Le formulaire de divorce, Willy l’avait laissé sur le meuble sans y toucher, en le regardant d’un œil malicieux. Car lui, il savait. Il savait qu’il préparait un gros coup qui allait balayer ce papier d’un revers de main et envoyer ces velléités de rupture tout droit dans la poubelle. Tous ses efforts allaient enfin payer.

Depuis des semaines, il avait suivi des dizaines de formations, s’était réinscrit au pôle emploi Mons-Borinage et avait participé au sixième plan wallon de relance anticrise. Sur cette lancée, il avait été sélectionné pour un programme expérimental, commandité par la Région flamande. Il avait étudié et réussi des tests de langues particulièrement poussés. Son conseiller emploi l’avait chaudement félicité. « Ça y est, bravo, Willy, vous avez décroché le job ! Vous avez toujours votre permis poids lourd ? »

Le contrat commençait le surlendemain. Il fallait le signer dans la foulée. Il comportait soixante-cinq pages, avec des clauses de confidentialité extrêmement détaillées. La mission était cadrée mais demeurait énigmatique quant à sa finalité. « Engagement en contrat à durée déterminée en tant qu’ouvrier-transporteur régional. Lieu de travail : trajet transfrontalier Michendorf-Edingen. »

Willy avait interrogé son conseiller du pôle emploi. « Michendorf-Edingen ? — Oui, avait répondu en souriant le conseiller, ce sont des transports à effectuer dans le cadre d’échanges européens. Edingen, c’est Enghien, à la frontière linguistique. Ne t’inquiète pas, tu seras rentré tôt, c’est pas très loin d’ici. » Pour le reste, tout demeurerait flou et il devait l’accepter.

Willy avait regardé la rémunération proposée. Il l’avait jugée honnête et avait signé toutes les pages dans la foulée. Ce contrat était bien plus qu’un emploi. C’était sa renaissance, son retour en grâce. De quoi démontrer à sa femme qu’il n’était pas celui qu’elle croyait.

Mais pour triompher et ménager son effet d’annonce, il avait décidé de rester discret et avait enfoui son exemplaire au fond de sa sacoche. Il était rentré ensuite chez lui comme si de rien était.

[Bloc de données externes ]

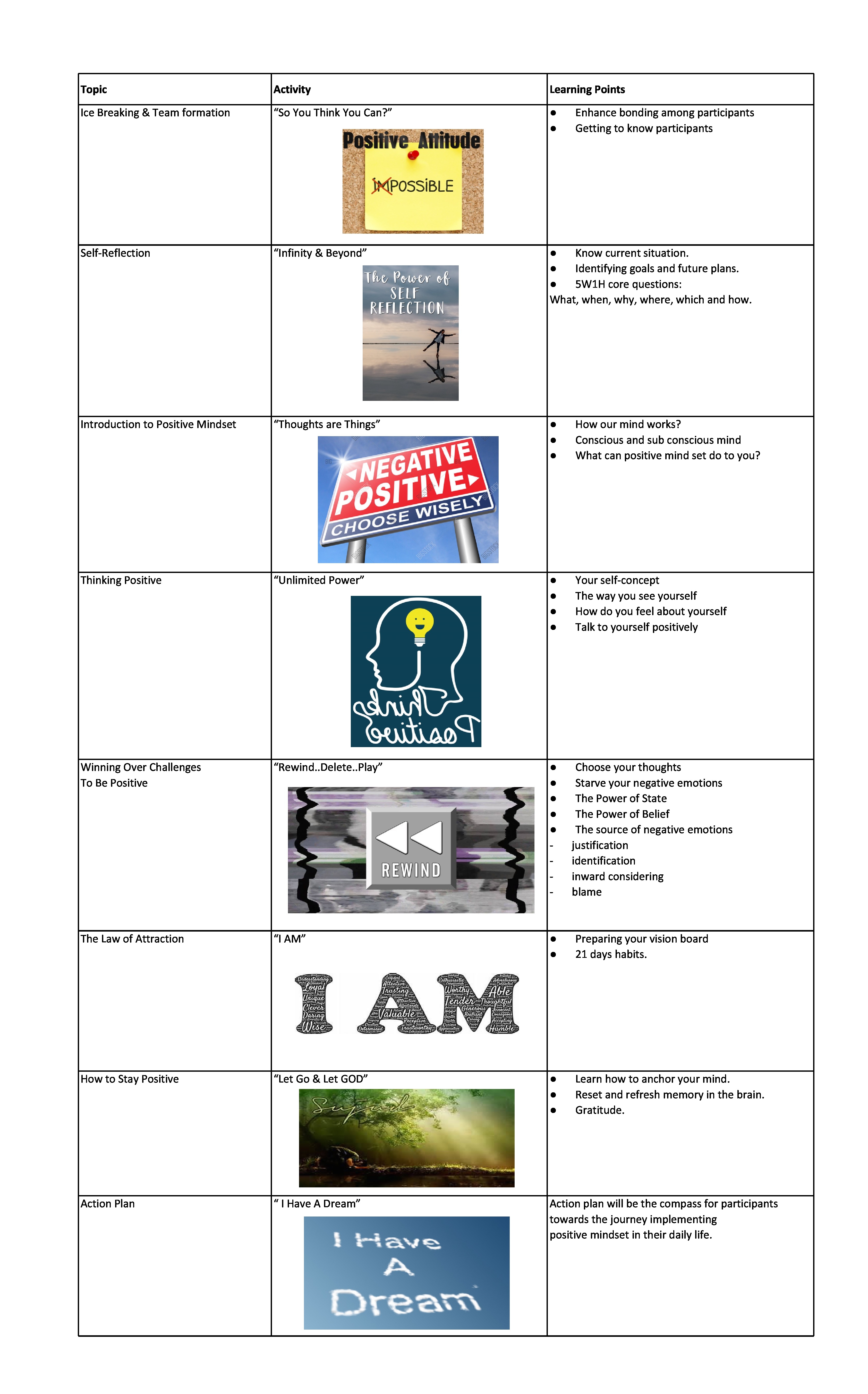 This program will focus on the importance and core elements of positive mindset. The ability to control and shape our mind to be positive will enhance our achievement at work and personal life.
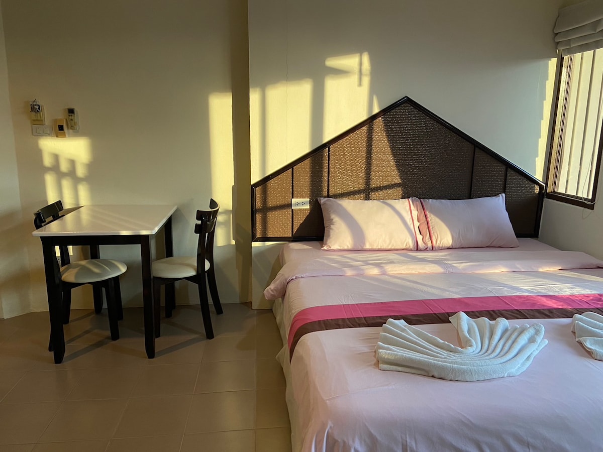 Situado en una zona residencial tranquila de Aonang. Todo lo que necesitas está a 15 minutos a pie: restaurantes, servicio de lavandería, cafeterías, tiendas, alquiler de scooters y coches, agencias de viajes. Habitación tipo estudio con aire acondicionado y muebles, baño privado con calentador de agua, cocina con nevera y mesa de comedor, sofá, aparcamiento gratuito y wifi.
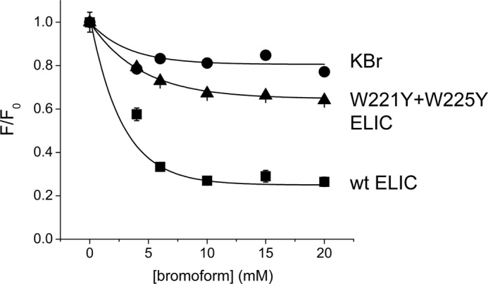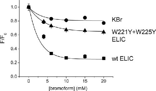 FIGURE 5. Quenching of intrinsic tryptophan fluorescence in ELIC by bromoform. Increasing concentrations of bromoform cause quenching of intrinsic fluorescence in ELIC. This effect is strongly reduced in the double mutant W221Y/W225Y. Each data point is the average of 3 experiments. Error bars indicate S.E. |
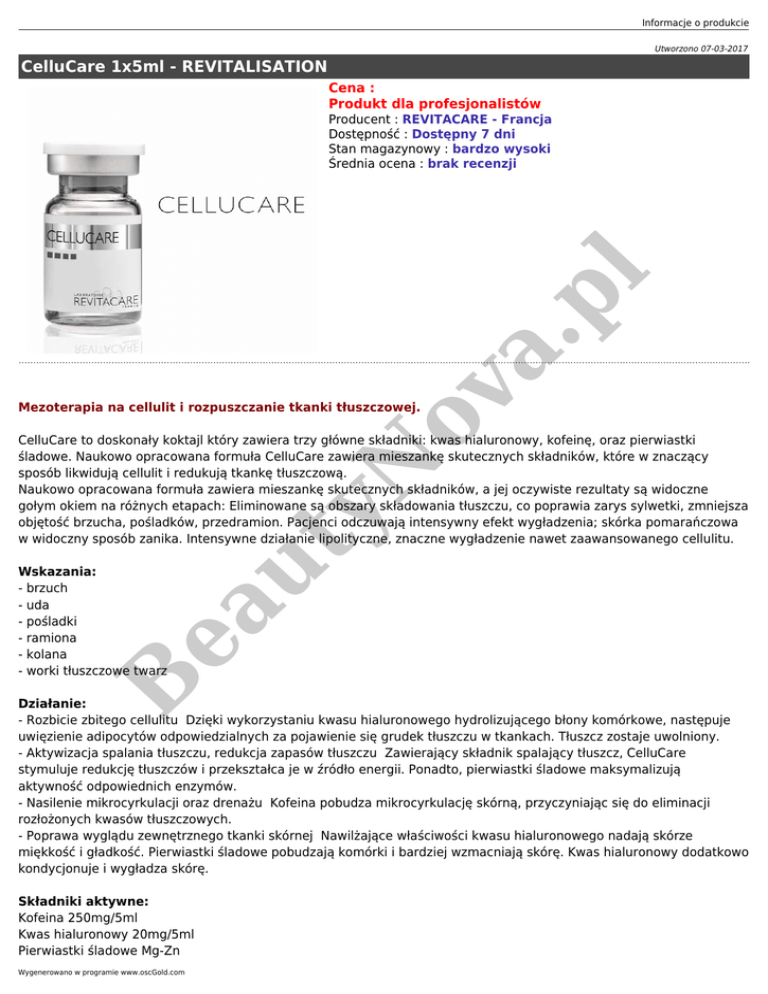 Informacje o produkcie Utworzono 07-03-2017 CelluCare 1x5ml - REVITALISATION Cena : Produkt dla profesjonalistów ov a. pl Producent : REVITACARE - Francja Dostępność : Dostępny 7 dni Stan magazynowy : bardzo wysoki Średnia ocena : brak recenzji Mezoterapia na cellulit i rozpuszczanie tkanki tłuszczowej. B ea Wskazania: - brzuch - uda - pośladki - ramiona - kolana - worki tłuszczowe twarz ut yN CelluCare to doskonały koktajl który zawiera trzy główne składniki: kwas hialuronowy, kofeinę, oraz pierwiastki śladowe. Naukowo opracowana formuła CelluCare zawiera mieszankę skutecznych składników, które w znaczący sposób likwidują cellulit i redukują tkankę tłuszczową. Naukowo opracowana formuła zawiera mieszankę skutecznych składników, a jej oczywiste rezultaty są widoczne gołym okiem na różnych etapach: Eliminowane są obszary składowania tłuszczu, co poprawia zarys sylwetki, zmniejsza objętość brzucha, pośladków, przedramion. Pacjenci odczuwają intensywny efekt wygładzenia; skórka pomarańczowa w widoczny sposób zanika. Intensywne działanie lipolityczne, znaczne wygładzenie nawet zaawansowanego cellulitu. Działanie: - Rozbicie zbitego cellulitu Dzięki wykorzystaniu kwasu hialuronowego hydrolizującego błony komórkowe, następuje uwięzienie adipocytów odpowiedzialnych za pojawienie się grudek tłuszczu w tkankach. Tłuszcz zostaje uwolniony. - Aktywizacja spalania tłuszczu, redukcja zapasów tłuszczu Zawierający składnik spalający tłuszcz, CelluCare stymuluje redukcję tłuszczów i przekształca je w źródło energii. Ponadto, pierwiastki śladowe maksymalizują aktywność odpowiednich enzymów. - Nasilenie mikrocyrkulacji oraz drenażu Kofeina pobudza mikrocyrkulację skórną, przyczyniając się do eliminacji rozłożonych kwasów tłuszczowych. - Poprawa wyglądu zewnętrznego tkanki skórnej Nawilżające właściwości kwasu hialuronowego nadają skórze miękkość i gładkość. Pierwiastki śladowe pobudzają komórki i bardziej wzmacniają skórę. Kwas hialuronowy dodatkowo kondycjonuje i wygładza skórę. Składniki aktywne: Kofeina 250mg/5ml Kwas hialuronowy 20mg/5ml Pierwiastki śladowe Mg-Zn Wygenerowano w programie www.oscGold.com Stosowanie: Tylko do użytku profesjonalnego B ea ut yN ov a. pl Pojemność:10x5ml

« Où vas-tu, Willy ? » Son départ mystérieux avait manifestement ravivé chez sa femme une forme d’intérêt. « Si seulement je le savais moi-même », avait-il pensé. Il éprouvait une forme d’excitation. Il avait l’impression de se glisser dans la peau d’un agent secret, au service d’une cause encore inconnue mais d’une importance capitale pour l’avenir de son pays.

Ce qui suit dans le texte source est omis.